Son zamanlarda yapılan Ulusal Bağımsız İşletme Federasyonu (NFIB) anketinde, küçük işletme sahiplerinin yalnızca üçte birinin işletmelerinin ihtiyaç duyduğu tüm kredileri alabildiği görülüyor.
Anketin bulguları şaşırtıcı değil. Birçok iktisatçı, politika yapıcı ve küçük işletme savunucu grubu, uzun zamandır küçük işletmelerin daha büyük emsallerinden daha fazla kredi almakta zorlandıklarını açıkladı. Sermayeye erişim söz konusu olduğunda, büyüklük kesinlikle önemlidir.
$config[code] not foundKüçük işletmeler arasında bile, şirket ne kadar küçükse, bir kredinin olma olasılığı o kadar düşüktür (aşağıdaki şekle bakınız) veya bir kredi limiti. NFIB araştırmasına göre, bir veya daha az çalışanı olan işletmelerin yalnızca yüzde 15,7'si işletme kredisine sahip ve yalnızca yüzde 33,7'si kredi limiti var. Buna karşılık, 50 ila 250 çalışanı olan işletmelerin yüzde 56,8'i işletme kredisine, yüzde 65,4'ü bir kredi borcuna sahiptir.
Bununla birlikte, bankacılar arasındaki bazı kötü niyetli sebepleri ortaya koymak yerine, bu modeller işletme kredisinin ekonomisini yansıtıyor.

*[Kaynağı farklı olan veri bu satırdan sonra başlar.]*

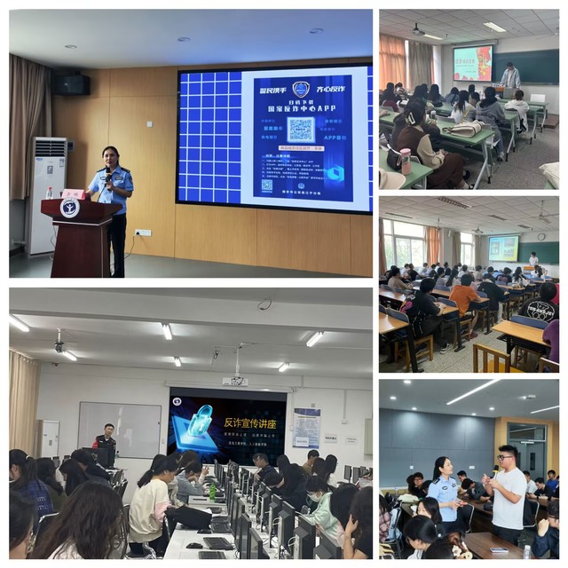 6月7日中午,开元官方网站联合学校保卫处,邀请江苏省优秀人民警察、南京市最美人民警察李琳警官开展专题讲座。开元官方网站全体辅导员和班委们积极参加。保卫处消防与治安管理科牛宏铭老师也莅临现场指导。李琳警官结合详实案例强化了大家对网络诈骗的系统认识。学生骨干们不仅提升自身的反诈意识,也利用主题班会的主渠道,覆盖传播给更多的同学,共同筑牢校园安全防线。

Daha az sayıda küçük işletme daha büyük şirketlerden daha fazla krediye erişebilir, çünkü onlara borç vermek daha büyük şirketlere kredi vermekten daha riskli ve daha pahalıdır.

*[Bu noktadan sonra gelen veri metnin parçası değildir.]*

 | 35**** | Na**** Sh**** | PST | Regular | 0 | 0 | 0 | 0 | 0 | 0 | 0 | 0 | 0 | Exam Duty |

Küçük işletme kredisi pazarında varsayılan risk daha yüksektir. Küçük işletmeler büyük işletmelerden daha yüksek oranlarda başarısız olmaktadır ve iş döngüsündeki değişikliklerin karları üzerinde daha büyük bir etkisi vardır. Borç verenler borçlunun temerrüt riski ile orantılı olan faiz oranlarını her zaman tahsil edemediklerinden, en riskli küçük işletme borçluları genellikle kredi alamazlar.
Küçük işletmelere borç vermek, büyük firmalara borç vermekten daha pahalıdır. Sorunun bir kısmı, kredi yapmanın sabit maliyetidir. 50.000 ABD Doları kredisi veya 5 milyon ABD Doları kredisi alsanız da, bazı maliyetler aynıdır. Dolayısıyla, kar marjları daha büyük kredilerde daha yüksektir. Elbette, daha büyük şirketlerin, kredi kuruluşlarının daha büyük müşterilere odaklanmasına yol açan, daha küçük meslektaşlarından daha büyük kredilere ihtiyaç duymaları daha olasıdır.
Ek olarak, küçük işletme kredisi uygulamalarını değerlendirmek genellikle pahalıdır. Küçük şirketlerin finansal durumu hakkında kamuya açık çok az bilgi bulunmaktadır ve küçük işletmelerin finansal tabloları her zaman çok ayrıntılı değildir. Küçük işletme sahiplerinin kişisel mali kaynakları bazen kendi işletmelerininkilerle iç içedir. Çok çeşitli küçük işletmeler ve ödünç alınan fonları kullanma şekilleri, genel borç verme standartlarının uygulanmasını zorlaştırmaktadır. Son olarak, küçük işletmelerin finansal durumunu izlemek genellikle borç verenlerin küçük işletme sahipleri ile kişisel ilişkiler kurmalarını gerektirir.
Bu ekonomik ilkelerin, küçük işletmelerin krediye erişimini artırmak isteyenler için önemli etkileri vardır. Daha fazla borç vermeyi teşvik etmek, küçük şirketlere borç vermenin daha yüksek maliyet ve riskini hesaba katan politikaları ve küçük işletmelerin neden kredi almakta zorlandığını gerektirecektir.